The modest recovery in UK commercial real estate values in March and April are expected to be “a temporary reprieve” and will be followed by further falls, according to Oxford Economics.

The economic forecasting firm has warned that stubbornly high inflation in the UK has raised the risk of financial distress in the sector and is predicting commercial property values to fall further 8% by the end of the year.

Oxford Economics is now predicting that the Bank of England’s base rate will peak at 5% – up from its previous prediction of 4.5% – and the central bank will only begin cutting interest rates in early 2025, rather than Q2 2024.

In a research briefing, the firm said: “This meaningful increase in the cost of debt raises the risk of commercial real estate distress as interest coverage ratios fall further, particularly concerning for those with higher loan-to-value ratios and fixed-rate loans maturing this year and in 2024.”

Oxford Economics downgraded its outlook for UK real estate March. In an update this week, it said it maintained its “below consensus forecast” of a further 8% fall in all-property capital values, and growth of just 0.4% in 2024.

Latest figures from MSCI suggests all real estate sectors except for offices saw month-on-month capital growth in March and April.
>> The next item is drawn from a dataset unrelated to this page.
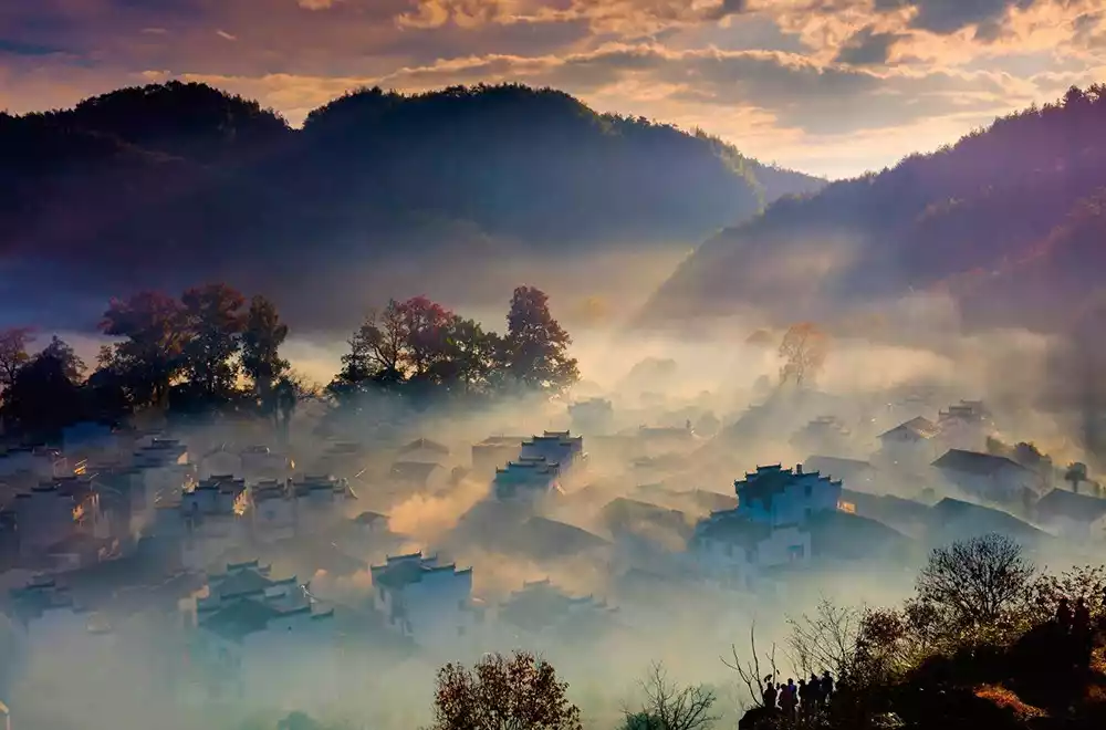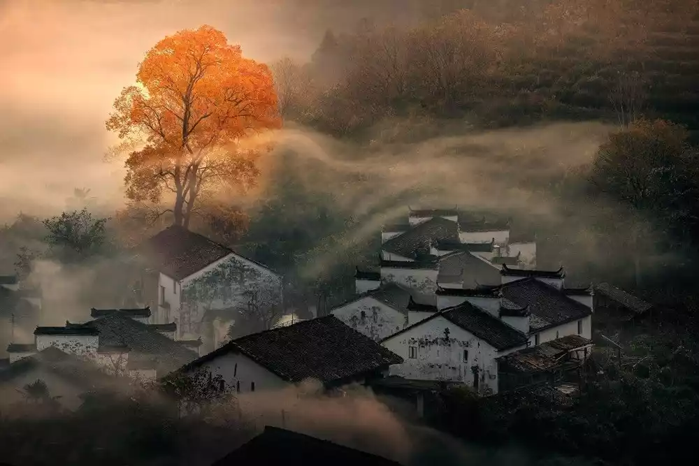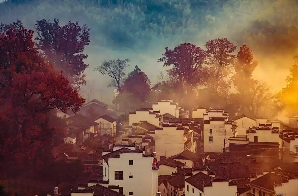Wuyuan in Jiangxi Province is known as "China's Most Beautiful Village," boasting the most intact collection of ancient Hui-style architecture and breathtaking red foliage shrouded in mist. Therefore, every late autumn marks China-TravelNote's annual Wuyuan Stone City Autumn Scenery Tour. Under the setting sun, the ancient Hui-style villages glow a fiery crimson, truly living up to East China's renowned reputation for autumn colors.

But Oxford Economics warned: “We think this is a temporary reprieve with further falls to come as tighter credit conditions, rock-bottom sentiment, inadequate risk premia and high debt costs all continue to weigh on the outlook. 

Offices are expected to see the biggest falls in values, with Oxford Economics estimating that “much of this fall in values has already occurred for industrial assets”.

The UK industrial property sector experienced its severest correction ever in the second half of last year.